Unable to find a way around the sedate nature of the script, Frears is left with trying to coax good performances out of his cast, and make the cycling sequences exciting to watch. As mentioned above, Foster can only do so much, but he’s very good in the earlier, pre-cancer scenes, showing Armstrong’s determination and will to succeed to very good effect. O’Dowd has a limited number of scenes in which to make an impression, and two of those involve him answering a phone and acting surprised. As the doping Doctor Ferrari, Canet is the movie’s liveliest, most effusive character, but his appearance and his demeanour make him look like he’s stepped out of a Seventies porn movie. Pace struts and swaggers his way through as Armstrong’s lawyer, and Ménochet makes the most of playing Armstrong’s righ hand man on the team, Johan Bruyneel. Only Plemons makes any kind of an impact, as the morally confused farmboy who joins the team but finds himself cut adrift when he gets “caught” taking testosterone.

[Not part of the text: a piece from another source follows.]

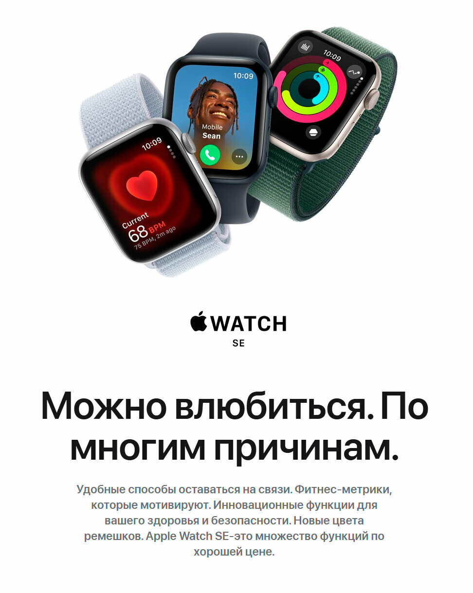 Ниже Вы можете прочитать отзывы на Умные часы Apple Watch Series SE Gen 2 2024 40 мм Aluminium Case GPS, midnight/midnight sport band, ознакомится с подробными характеристиками, посмотреть интересные обзоры и фотографии на Умные часы Apple Watch Series SE Gen 2 2024 40 мм Aluminium Case GPS, midnight/midnight sport band.

On a visual level the movie works better when it’s out of doors, and by and large it successfully recreates the buzz of the races, though it can be off-putting when you realise you’re watching archival footage instead of a re-enactment. Foster looks persuasive in these scenes (even if you’re pretty sure the other cyclists have been told to go slower), and there’s at least a sense that this isn’t “fun” but quite punishing in its own unique way. Inside however, and the movie seems cramped – sometimes stifled – as if Frears’ visual creativity had deserted him. But by the time you notice all this, you probably won’t care too much, what with all the other deficiencies on display.
Rating: 5/10 – a middling, disappointing examination of one man’s renunciation of professional ethics and personal morality, The Program rarely succeeds in raising any indignation at Armstrong’s attitude or behaviour; for a more fastidious, much more involving look at Armstrong’s fall from grace, you’d be far better off watching The Armstrong Lie (2013) than this pallid endeavour.